====== Dataset extract ======
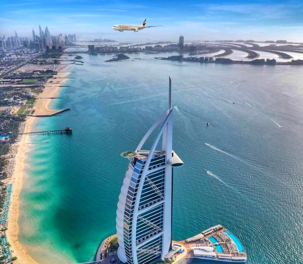 아리바아의 목선인 ‘다우’를 형상화 한 초특급 호텔 ‘버즈 알 아랍’과 높이 828m의 세계 최고층 마천루 ‘부르즈 할리파’가 상징인 중동에서 가장 매력적인 도시 두바이를 허브로 하는 에미레이트항공은 1985년 2대의 항공기로 시작해, 2019년 현재는 A380과 B777 등 268대의 대형여객기와 화물기로 우리나라를 포함하여 85개국 158개 도시에 취항하고 있다.
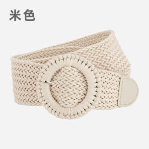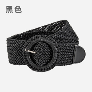 女性用織りヨーロッパとアメリカンスタイルのパンチフリーベルト、女性用合金ラウンドバックルドレスウエストバンドファクトリー
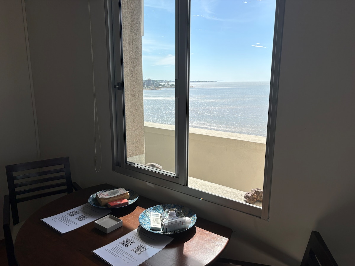 Monoambiente único en Montevideo! Reciclado estilo Industrial/contemporáneo con vista directa al mar y toda la bahía/playa de pocitos. Ubicado en el histórico edificio "Rambla" en el barrio Pocitos, una de las zonas mas exclusivas, comunicada y segura de la ciudad. Imagínate desayunar en la barra de la terraza con una impactante vista antes de un día de paseos, para luego volver a descansar en un colchón cómodo y un estudio acogedor y calefaccionado. Eso es lo que es nuestro apartamento.
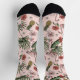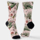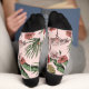 These colourful tropical pink flamingo socks feature a floral pattern of hand-drawn pink flamingos, hibiscus and jasmine flowers, pineapples, banana leaves and tropical drinks, all against an elegant blush pink background.
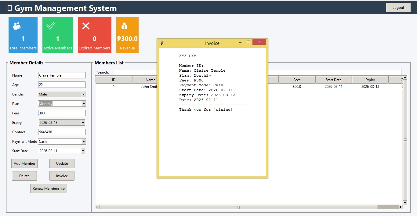 - Stores all member and transaction data in a SQLite database.
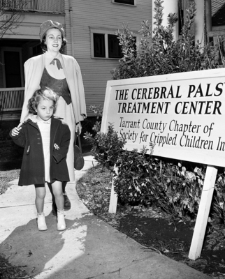 Mrs. Adelaide Griffin, wife of Mr. Harold Brooks (H. B.) Griffin, who daily drives little Linda Rae to and from the Cerebral Palsy Treatment Center, 2210 Hemphill, was one of the many volunteer workers whose efforts cut down on operating costs of the project which is financed by the annual Easter Seal sale now in progress. Mrs. Griffin, also works a half-day at the center as her Junior League civic project. Published in the morning edition, March 19, 1950.
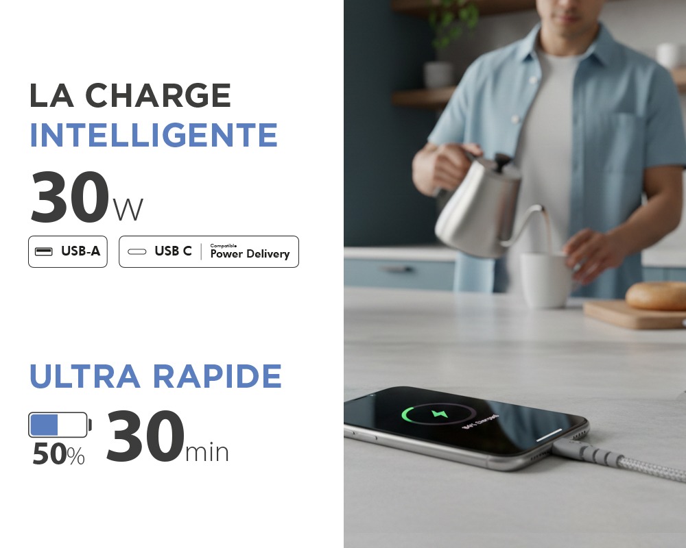 Cette technologie vous permettra notamment de charger jusqu'à 50 % de la batterie de votre iPhone 8 ou modèle ultérieur ou de votre Samsung S20 ou modèle supérieur en 30 minutes environ. Compatible avec les appareils iOS (Apple) et Android (Google, Samsung, Xiaomi, Oppo…), il offre une alternative 3 fois plus rapide, sûre et pratique pour charger tous vos appareils.
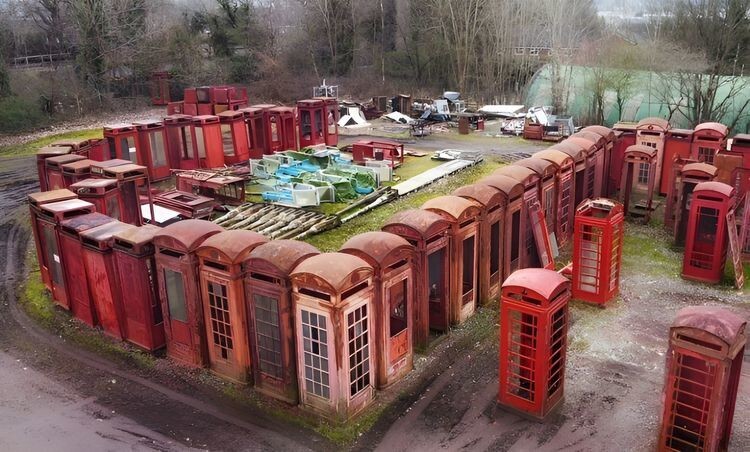 The Incredible Graveyard of British Red Phones booth hidden next to the railway line in Surrey
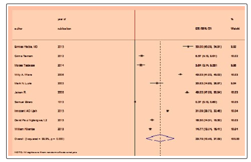 Six cross-sectional studies, two cohort studies, one case control study and one clinical trial were included in this review [16,24-30]. All the articles included were published studies and the sample size ranged from a minimum of 154 studies conducted in Ethiopia to a maximum of 2589 studies conducted in sub-Saharan Africa [24,30]. The final review included a total of 16,296 participants. The studies were carried out in different countries in Africa between 2003 and 2015. Three studies have been conducted in Ethiopia from selected articles three studies in South Africa, two studies in Uganda, three studies in Nigeria, Tanzania and SSA, one in each country [16,18,24-30] (Figure 1).
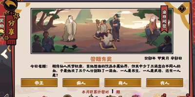在无悔华夏中,渔樵问答2月2日题目来了,只要回答对了里面的各种问题才可以得到奖励,今天的题目是:相传仙人托梦杜康,言他想造的饮品本属仙畀,但其中少了三滴出自不同人的血,于是他找了三个人分别取了一滴血,一人是书生,一人是武将,还有一人是?下面来和小编一起看看吧。
======
Activity: Here the job is to copy the stretch of records from the line containing "女性用織りヨーロッパとアメリ" through the line containing "- Stores all", word for word. Leave every picture out.

Response:
 女性用織りヨーロッパとアメリカンスタイルのパンチフリーベルト、女性用合金ラウンドバックルドレスウエストバンドファクトリー
 Monoambiente único en Montevideo! Reciclado estilo Industrial/contemporáneo con vista directa al mar y toda la bahía/playa de pocitos. Ubicado en el histórico edificio "Rambla" en el barrio Pocitos, una de las zonas mas exclusivas, comunicada y segura de la ciudad. Imagínate desayunar en la barra de la terraza con una impactante vista antes de un día de paseos, para luego volver a descansar en un colchón cómodo y un estudio acogedor y calefaccionado. Eso es lo que es nuestro apartamento.
 These colourful tropical pink flamingo socks feature a floral pattern of hand-drawn pink flamingos, hibiscus and jasmine flowers, pineapples, banana leaves and tropical drinks, all against an elegant blush pink background.
 - Stores all member and transaction data in a SQLite database.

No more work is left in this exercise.